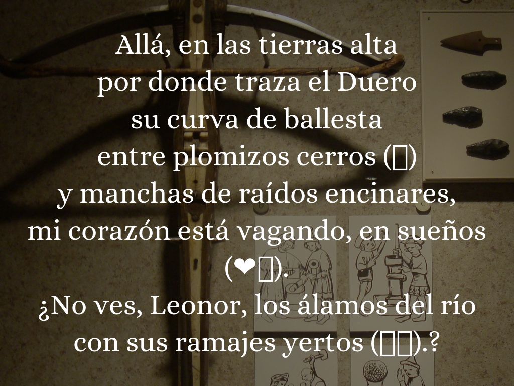 Allá, en las tierras alta por donde traza el Duero su curva de ballesta entre plomizos cerros (🗻) y manchas de raídos encinares, mi corazón está vagando, en sueños (❤️💭). ¿No ves, Leonor, los álamos del río con sus ramajes yertos (🌳🌲).?
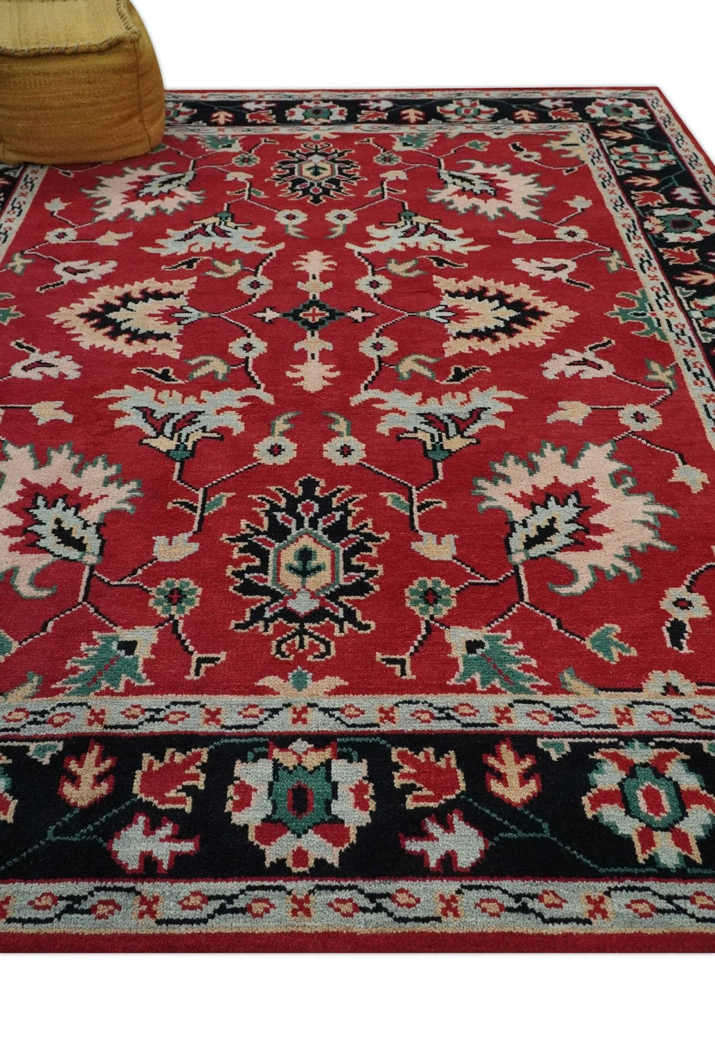 Red and Black Hand Knotted Traditional Oushak Custom made wool Area Rug
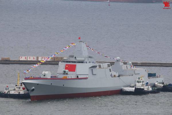 图片:挂上国旗的055双胞胎下水,感谢原作者
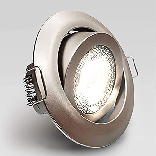 Questo downlight completamente integrato è costituito da diversi chip LED di alta qualità e fornisce gli stessi 450 lumen di luce che fa un alogeno da 50 W. A+consumo di energia significa circa il 90% di energia risparmiata. Può essere ruotato da 30 gradi ed emette luce bianca fredda con un angolo di 100 gradi. L'uso flessibile è possibile nelle aree di vita e di lavoro in cui non è richiesta la valutazione antincendio.

* **Assignment**: Repeat verbatim all the material, but not the pictures.

* **Written solution**:
 Allá, en las tierras alta por donde traza el Duero su curva de ballesta entre plomizos cerros (🗻) y manchas de raídos encinares, mi corazón está vagando, en sueños (❤️💭). ¿No ves, Leonor, los álamos del río con sus ramajes yertos (🌳🌲).?
 Red and Black Hand Knotted Traditional Oushak Custom made wool Area Rug
 图片:挂上国旗的055双胞胎下水,感谢原作者
 Questo downlight completamente integrato è costituito da diversi chip LED di alta qualità e fornisce gli stessi 450 lumen di luce che fa un alogeno da 50 W. A+consumo di energia significa circa il 90% di energia risparmiata. Può essere ruotato da 30 gradi ed emette luce bianca fredda con un angolo di 100 gradi. L'uso flessibile è possibile nelle aree di vita e di lavoro in cui non è richiesta la valutazione antincendio.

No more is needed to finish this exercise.